- Work item -
Everything in the listing that follows should be reproduced exactly except the pictures.

+++ Data excerpt

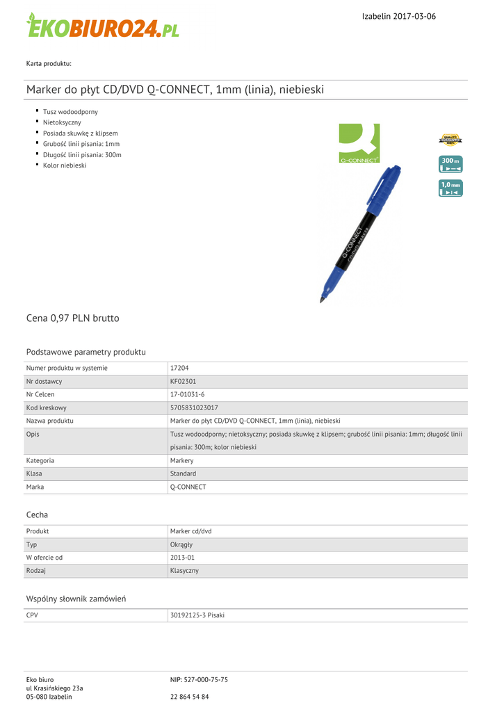 Izabelin 2017-03-06 Karta produktu: Marker do płyt CD/DVD Q-CONNECT, 1mm (linia), niebieski Tusz wodoodporny Nietoksyczny Posiada skuwkę z klipsem Grubość linii pisania: 1mm Długość linii pisania: 300m Kolor niebieski Cena 0,97 PLN brutto Podstawowe parametry produktu Numer produktu w systemie 17204 Nr dostawcy KF02301 Nr Celcen 17-01031-6 Kod kreskowy 5705831023017 Nazwa produktu Marker do płyt CD/DVD Q-CONNECT, 1mm (linia), niebieski Opis Tusz wodoodporny; nietoksyczny; posiada skuwkę z klipsem; grubość linii pisania: 1mm; długość linii pisania: 300m; kolor niebieski Kategoria Markery Klasa Standard Marka Q-CONNECT Cecha Produkt Marker cd/dvd Typ Okrągły W ofercie od 2013-01 Rodzaj Klasyczny Wspólny słownik zamówień CPV 30192125-3 Pisaki Eko biuro ul Krasińskiego 23a 05-080 Izabelin NIP: 527-000-75-75 22 864 54 84 Izabelin 2017-03-06 Karta katalogowa produktu cd. Marker do płyt CD/DVD Q-CONNECT, 1mm (linia), niebieski Certyfikaty Nowy produkt w ofercie Standard Hit Standard Wymiary Końcówka (mm) 1 Dł. linii (m) 300 Grubość linii (mm) 1 Kolor Kolor Niebieski Pozostałe zdjęcia produktu Serdecznie zapraszamy do współpracy Eko biuro zespół. Eko biuro ul Krasińskiego 23a 05-080 Izabelin NIP: 527-000-75-75 22 864 54 84
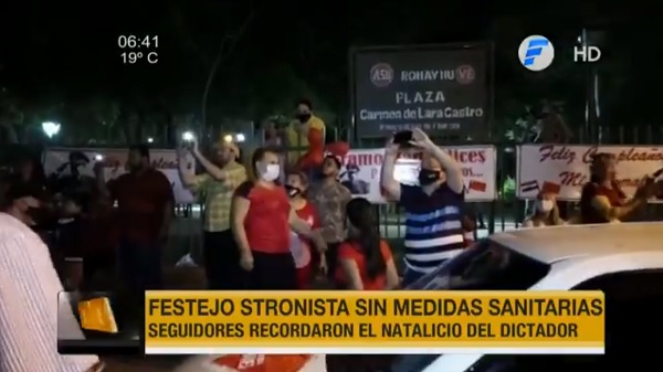 De acuerdo al reporte de Unicanal, vecinos del barrio San Pablo se aglomeraron en una plaza, ubicada sobre la avenida La Victoria, en Asunción y con música a todo volumen y bombas festejaron un año más del nacimiento del General Stroessner.
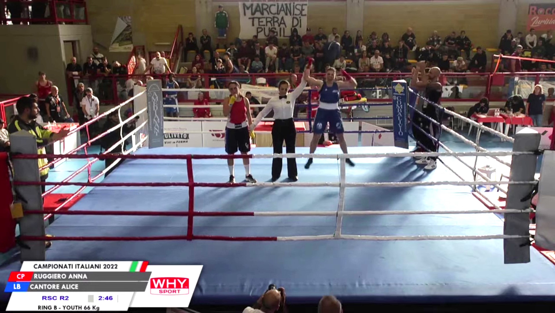“Cantore vince in maniera chiara, in maniera netta, questo titolo italiano”, con queste parole si chiude la telecronaca del giornalista Remo d’Acierno. Una vittoria schiacciante che ha portato l’arbitro a decretare la fine dell’incontro dopo il quarto conteggio inferto all’avversaria.

++++++

- Answer to the exercise -
 Izabelin 2017-03-06 Karta produktu: Marker do płyt CD/DVD Q-CONNECT, 1mm (linia), niebieski Tusz wodoodporny Nietoksyczny Posiada skuwkę z klipsem Grubość linii pisania: 1mm Długość linii pisania: 300m Kolor niebieski Cena 0,97 PLN brutto Podstawowe parametry produktu Numer produktu w systemie 17204 Nr dostawcy KF02301 Nr Celcen 17-01031-6 Kod kreskowy 5705831023017 Nazwa produktu Marker do płyt CD/DVD Q-CONNECT, 1mm (linia), niebieski Opis Tusz wodoodporny; nietoksyczny; posiada skuwkę z klipsem; grubość linii pisania: 1mm; długość linii pisania: 300m; kolor niebieski Kategoria Markery Klasa Standard Marka Q-CONNECT Cecha Produkt Marker cd/dvd Typ Okrągły W ofercie od 2013-01 Rodzaj Klasyczny Wspólny słownik zamówień CPV 30192125-3 Pisaki Eko biuro ul Krasińskiego 23a 05-080 Izabelin NIP: 527-000-75-75 22 864 54 84 Izabelin 2017-03-06 Karta katalogowa produktu cd. Marker do płyt CD/DVD Q-CONNECT, 1mm (linia), niebieski Certyfikaty Nowy produkt w ofercie Standard Hit Standard Wymiary Końcówka (mm) 1 Dł. linii (m) 300 Grubość linii (mm) 1 Kolor Kolor Niebieski Pozostałe zdjęcia produktu Serdecznie zapraszamy do współpracy Eko biuro zespół. Eko biuro ul Krasińskiego 23a 05-080 Izabelin NIP: 527-000-75-75 22 864 54 84
 De acuerdo al reporte de Unicanal, vecinos del barrio San Pablo se aglomeraron en una plaza, ubicada sobre la avenida La Victoria, en Asunción y con música a todo volumen y bombas festejaron un año más del nacimiento del General Stroessner.
“Cantore vince in maniera chiara, in maniera netta, questo titolo italiano”, con queste parole si chiude la telecronaca del giornalista Remo d’Acierno. Una vittoria schiacciante che ha portato l’arbitro a decretare la fine dell’incontro dopo il quarto conteggio inferto all’avversaria.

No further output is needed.